The technical exploitation of this vulnerability relies on the absence of proper address validation within the qsee_get_secure_state syscall implementation. When this system call receives input parameters, it fails to verify that the provided memory addresses fall within acceptable ranges or are properly aligned for kernel operations. This oversight creates a potential for memory corruption or information disclosure attacks that could be leveraged to execute arbitrary code with kernel privileges. The vulnerability specifically targets the Qualcomm Secure Execution Environment (QSEE) which serves as a trusted execution environment for handling sensitive operations including cryptographic functions and secure boot processes. According to CWE standards, this represents a weakness categorized under CWE-129 Input Validation and Normalization, specifically involving improper validation of input arguments to system calls.
The operational impact of this vulnerability extends beyond simple privilege escalation as it potentially compromises the integrity of the entire secure execution environment. Attackers could exploit this flaw to gain unauthorized access to secure processing units, potentially undermining the cryptographic protections that are fundamental to device security. The vulnerability affects devices that were manufactured before the 2018-04-05 security patch level, indicating that a significant number of devices in the field remain potentially vulnerable. This represents a substantial risk to automotive applications where Snapdragon Automotive platforms are commonly deployed, as these systems often handle critical safety functions and sensitive data transmission. The exploitability of this vulnerability aligns with ATT&CK technique T1068, which covers 'Exploitation for Privilege Escalation' and T1547.001, which covers 'Registry Run Keys / Startup Folder' in the context of kernel-level privilege escalation.

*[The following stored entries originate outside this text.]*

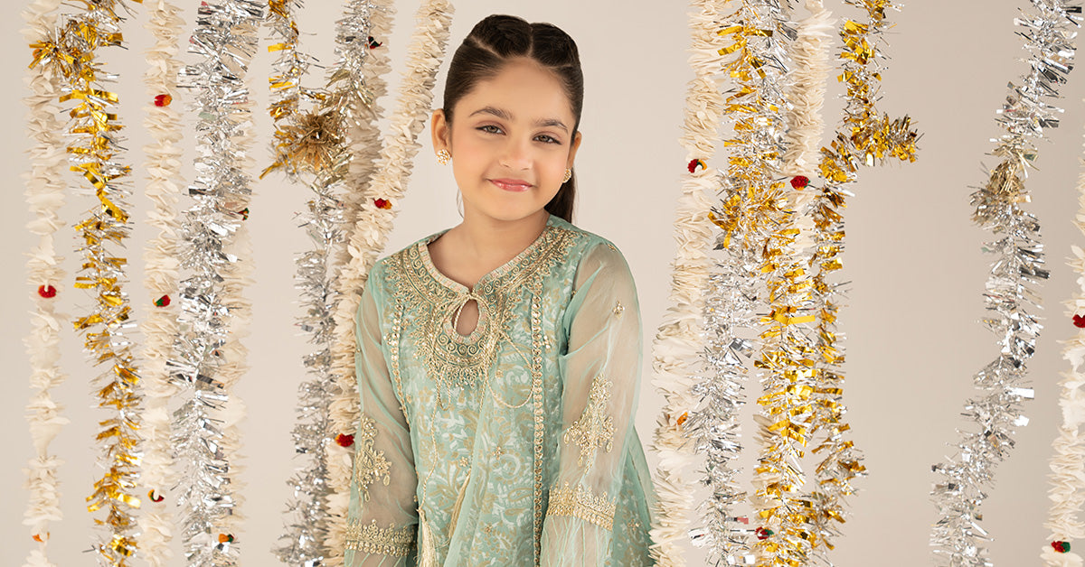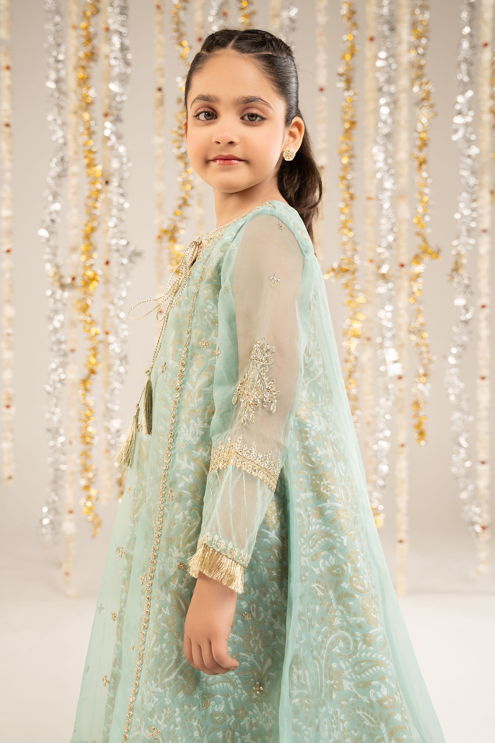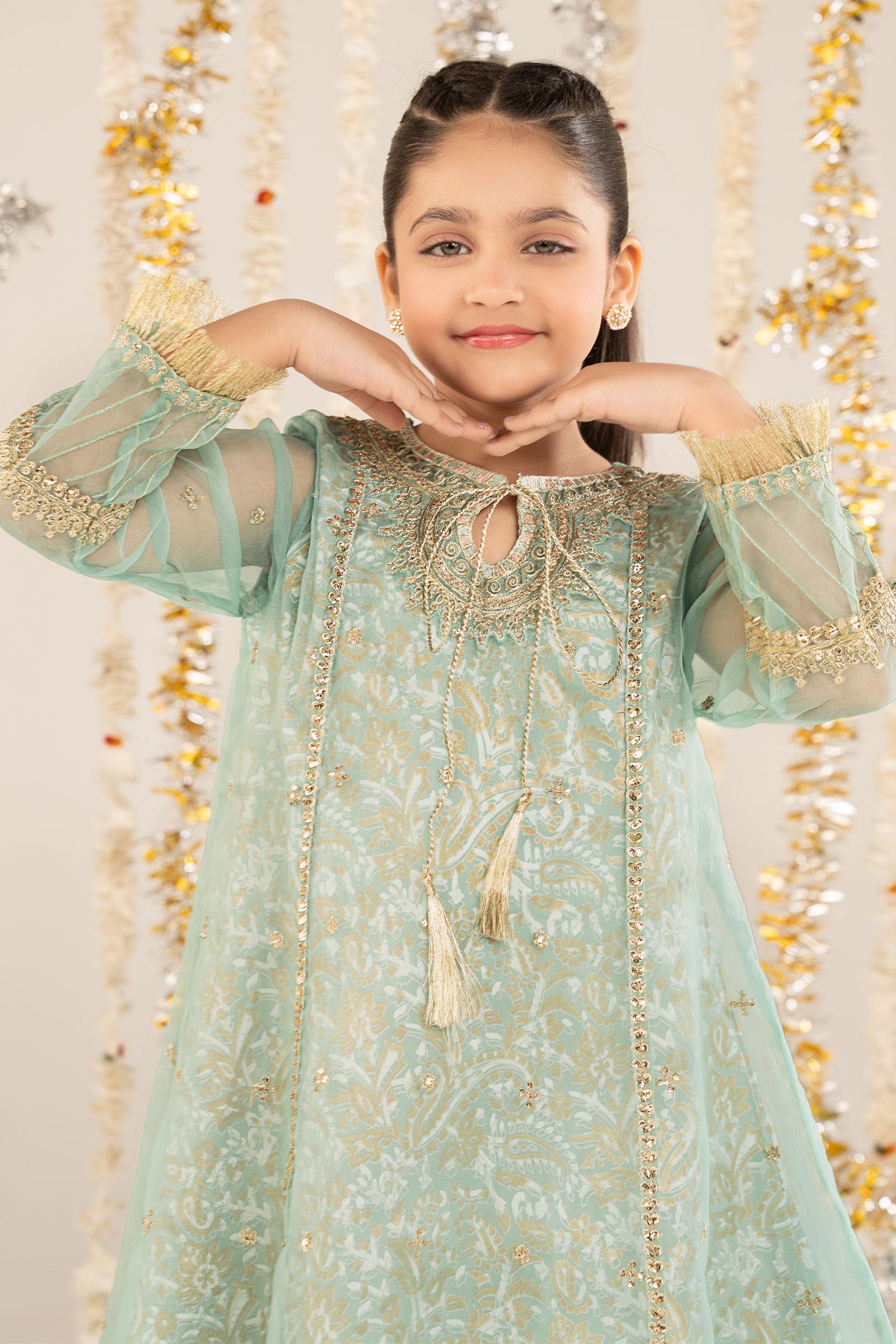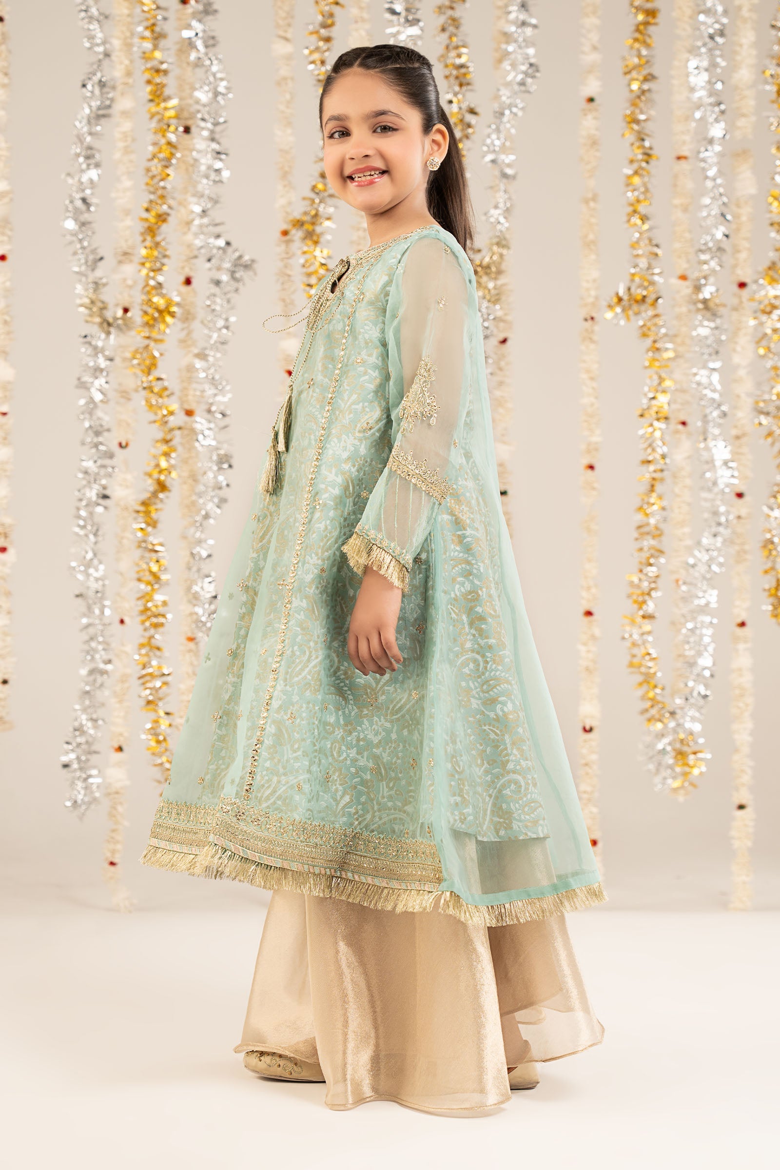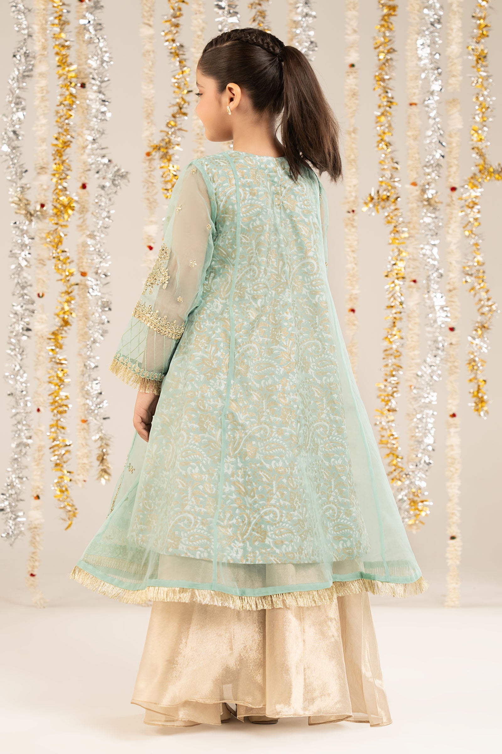 2 PieceShirt fabric: OrganzaTrouser fabric: TissueEmbroidered long frock with block printed undershirt featuring tassels paired with tissue sharara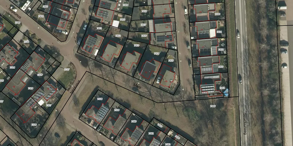 Het perceel waarop Mars 22 staat heeft een oppervlakte van 378 m². Dit is een groot perceel. De perceeloppervlakte wordt geregistreerd door het Kadaster. Gedetailleerde informatie over de maten van dit perceel kunt u vinden in het rapport Kadastrale kaart met maatvoering van Mars 22.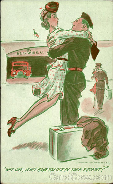 Front: BUS SERMIN A MUTOSCOPE CARD PRINTED IN U. S. A. "WHY JOE, WHAT HAVE YOU GOT IN YOUR POCKET?" Back: POST, ÇARDILY SIDE SIDE A MUTOSCOPE CARD

Mitigation strategies for this vulnerability primarily involve applying the appropriate security patches released by Qualcomm and Android vendors. Organizations should prioritize immediate deployment of the 2018-04-05 security update which includes proper address validation for the qsee_get_secure_state syscall. Device manufacturers and carriers must ensure comprehensive testing of patches to prevent regression issues in critical automotive or mobile applications. Additionally, system administrators should implement monitoring solutions that can detect anomalous system call patterns that might indicate exploitation attempts. The vulnerability highlights the importance of maintaining up-to-date security patches and proper input validation practices in kernel-level code. Security teams should also consider implementing runtime protections such as kernel address space layout randomization and stack canaries to further reduce the exploitability of similar vulnerabilities. This case demonstrates the critical importance of proper input validation in kernel interfaces and the potential consequences of inadequate security controls in trusted execution environments.